A team of researchers from the Centre for Product Design and Manufacturing (CPDM), Indian Institute of Science (IISc), Bengaluru, have proposed a model to make Computer Numerical Control (CNC) more efficient using Machine Learning (ML).
CNC machining requires specific input parameters from human operators. NC code has to be generated from the 3D model of the product; feed rate, cutting speed, etc. are to be fed into the machine and so on, so that it produces the desired outcome.
The output of the process is judged by parameters called Key Performance Indicators (KPI), such as energy consumed during machining, surface roughness of the product, how efficiently machines are running, actual throughput versus projected, percentage of defective pieces, and so on.
A team of researchers from the Centre for Product Design and Manufacturing (CPDM), Indian Institute of Science (IISc), Bengaluru, have proposed a model to make Computer Numerical Control (CNC) more efficient using Machine Learning (ML).
There is currently no way to accurately know which input parameters would result in which KPIs.
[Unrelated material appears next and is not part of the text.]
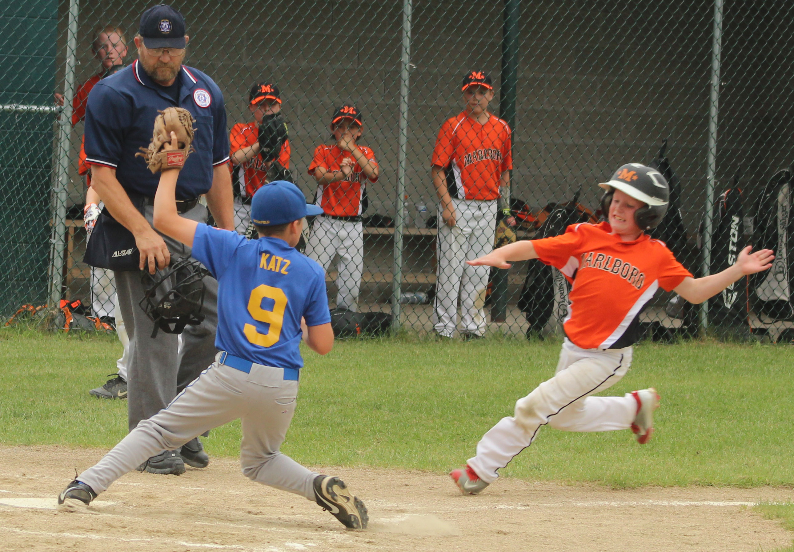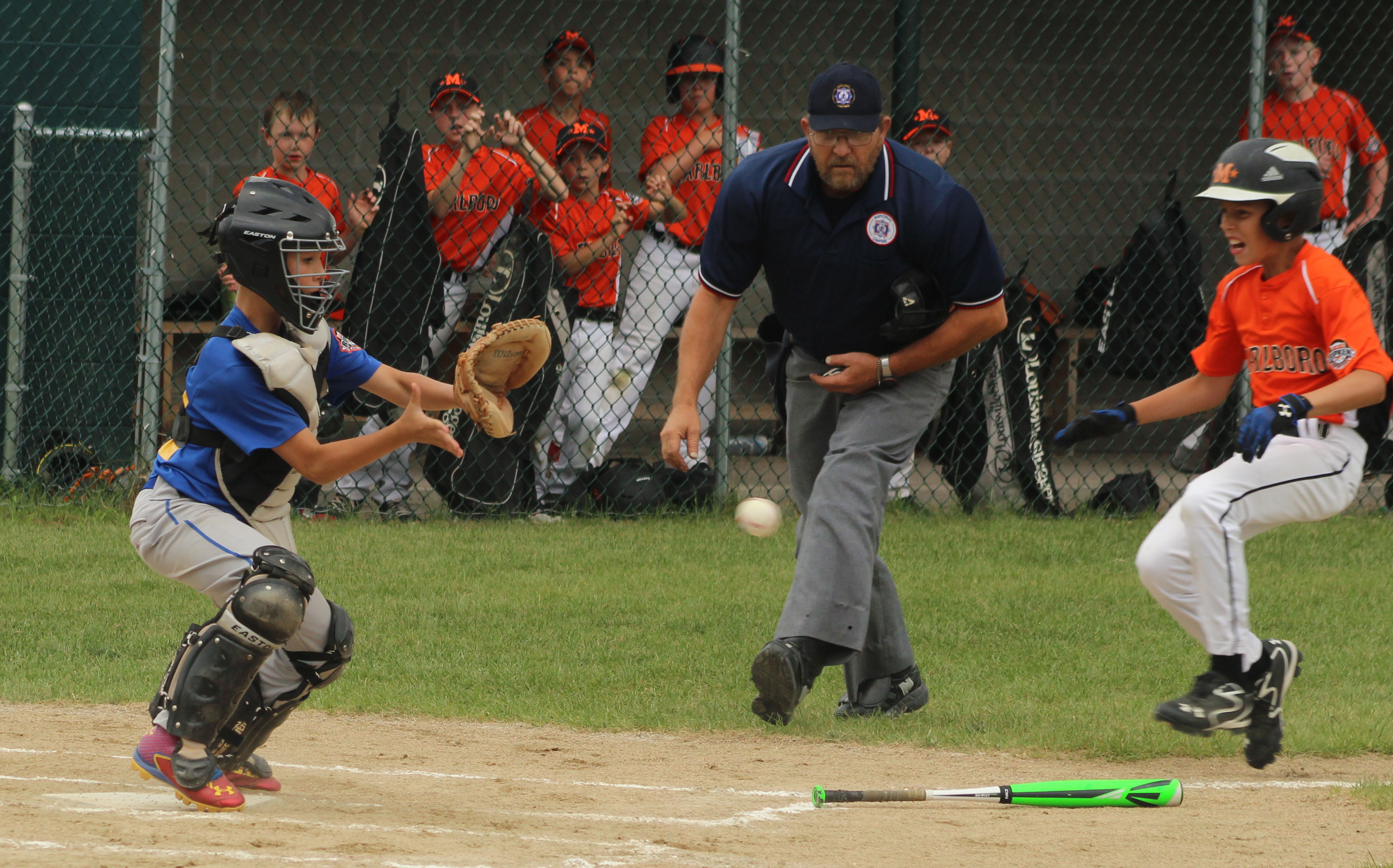 Marlboro ran into the final out of highly-productive inning at the plate. Brookfield catcher Kyle Rosa quickly retrieved a passed ball and tossed to pitcher Casey Katz who was able to tag Drew DeFranzo for the last out.

The team at IISc, led by B Gurumoorthy, has worked on this using ML. They have suggested a Data-Driven Digital Twin (DT) framework that predicts KPIs in a CNC machining environment. ML is a branch of Artificial Intelligence (AI) and computer science which focuses on using data and algorithms to imitate how humans learn, gradually improving its accuracy.
CNC machining is a manufacturing process in which pre-programmed computer software controls and dictates the movement of factory tools and machinery. The process can be used to control a range of complex machinery, from grinders and lathes to mills and CNC routers. With CNC machining, three-dimensional cutting tasks can be accomplished in a single set of prompts.
In the current study, the researchers have integrated their model with the CNC machining interface for predicting KPIs. The insights obtained from this combination can help human operators better decide the input parameters needed to get the desired KPIs, says the IISc release.
The model can also track and correct any deviations in planned values during the operation and instantly inform the human operators via a dashboard, which helps the operator to adjust the parameters. It also illustrates the choice of predictive modelling methods in both the stages of CNC machining and its outcomes. Such predictive models can significantly cut down production time and improve the efficiency of the CNC processes.
The study has been published in the International Journal of Computer Integrated Manufacturing.